Zu der Zeit, als die härtesten Sparmaßnahmen beschlossen wurden, war die SPD in der Opposition, auch wenn die Fraktion damals den ESM und Fiskalpakt im Bundestag mitgetragen hat. Damals wie heute ist es unsere und auch meine Position, dass ein gewisses Maß an Konsolidierung zwar nötig ist, um den Staatshaushalt auf ein stabiles Fundament zu stellen, parallel jedoch zwangsläufig Investitionen stattfinden müssen. Gegen Steuerflucht vorzugehen, Luxussteuern zu erheben, nachlässige und aufgeblähte Verwaltungen zu reformieren oder großzügige Frühverrentungspraktiken ohne vernünftige Gegenfinanzierung zu stoppen waren sehr sinnvolle Maßnahmen. Länder hingegen zu Infrastrukturprivatisierungen und zur Kürzung von Sozialleistungen für Bedürftige zu zwingen war falsch. An einigen Stellen habe ich den Beschlüssen auch nicht zugestimmt.

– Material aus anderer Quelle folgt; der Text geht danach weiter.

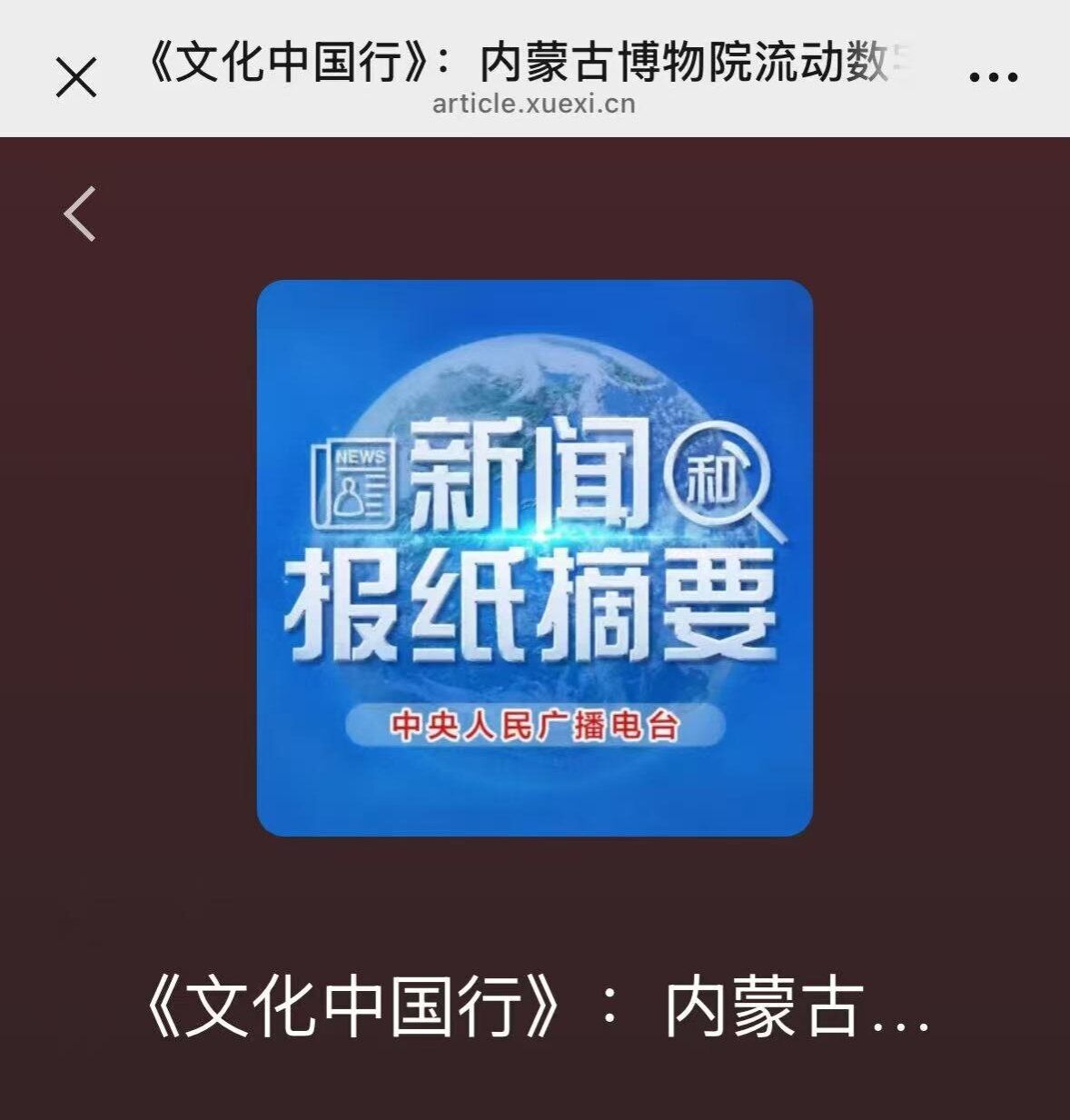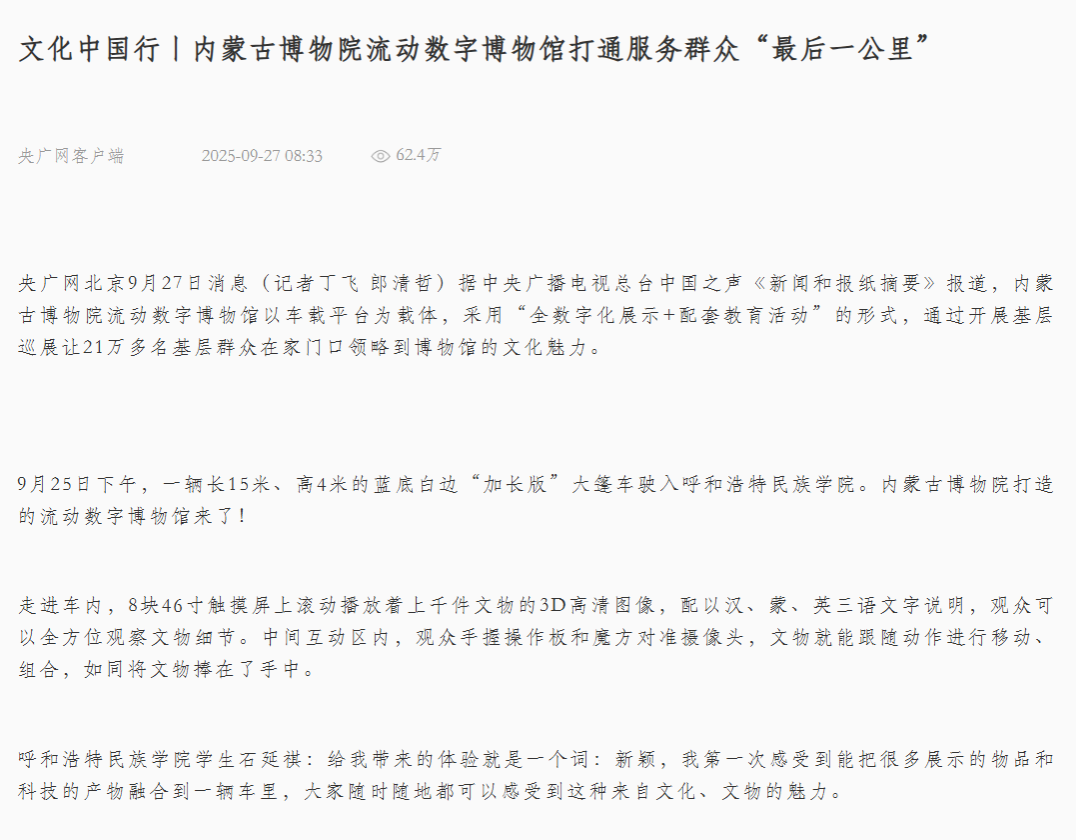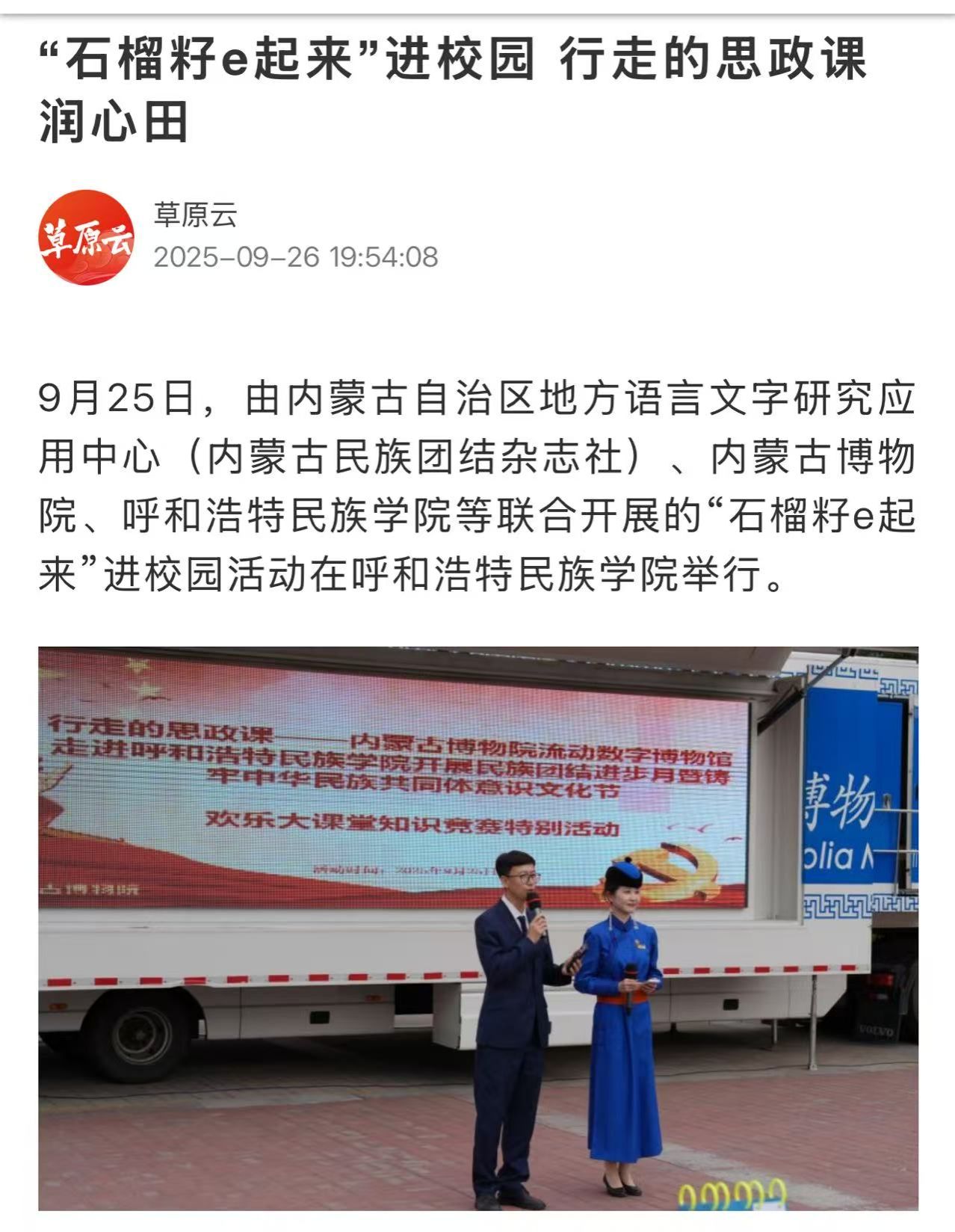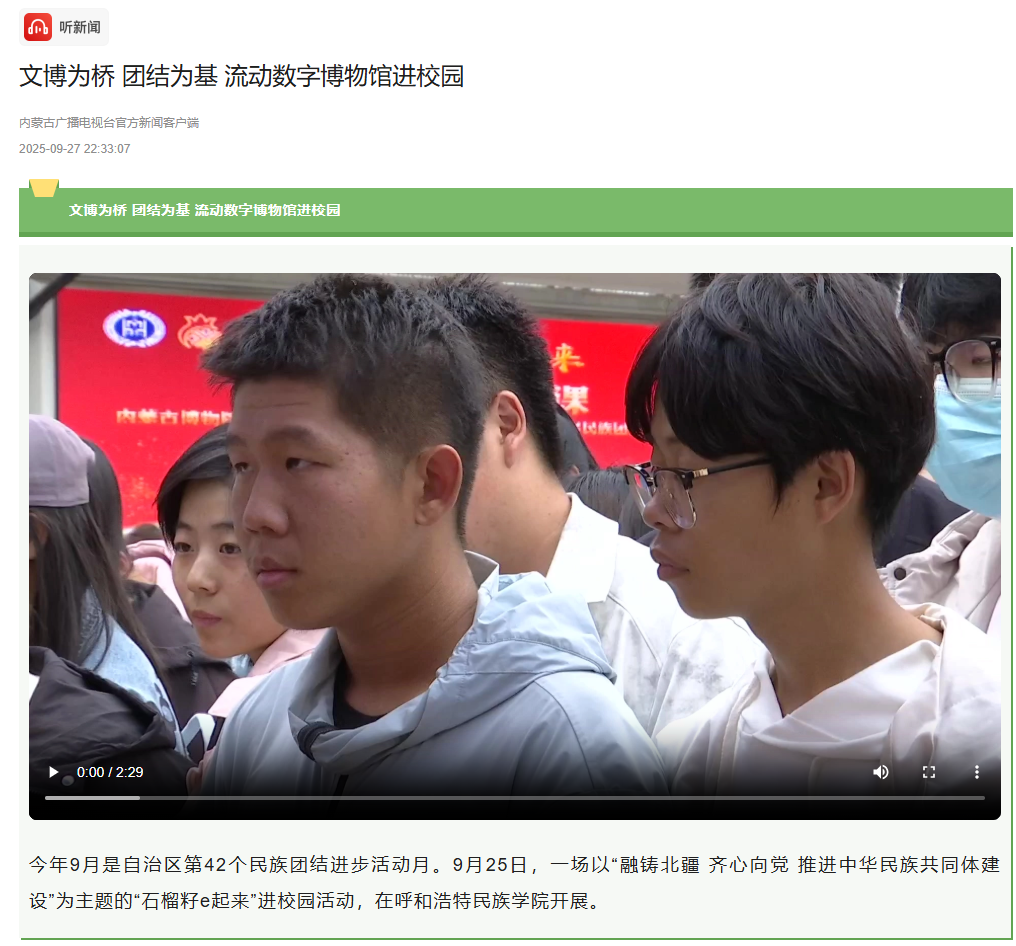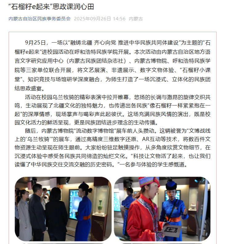 日前,央广网客户端、新闻纵横栏目、新闻报纸与摘要栏目、内蒙古广播电视台官方新闻客户端、草原云客户端、内蒙古统一战线公众号、内蒙古自治区民族事务委员会公众号、库伦融媒等官方媒体对我校举办”石榴籽e起来 行走的思政课“——内蒙古博物院流动数字博物馆进校园暨学校铸牢中华民族共同体意识文化节活动和深入库伦旗开展民族团结进步助力乡村振兴等活动进行了宣传报道。

Ein durch die Finanztransaktionssteuer gespeister europäischer Investitionsfonds, eine europäische Ausbildungsgarantie gegen Jugendarbeitslosigkeit, eine europäische Arbeitslosenversicherung, die Ländern in der Krise unter die Arme greift, damit diese die Arbeitslosenhilfe nicht kürzen müssen oder eine europaweite Mindestbesteuerung von Unternehmen gekoppelt mit einer europäischen Finanzpolizei, die Steuerflucht effektiv und hart bekämpft sind nur einige SPD Vorschläge, die ein Alternative zum Sparkurs aufweisen. Sie waren auch alle Teil unseres Wahlprogramms zur Europawahl. Eine solche Haushalts- und Finanzpolitik sehe ich durchaus als sozial. Ich hoffe, einige dieser Reformen werden in der kommenden Legislaturperiode umgesetzt, sodass es bei zukünftigen Krisen nicht mehr zu den Fehlern von 2009 kommt.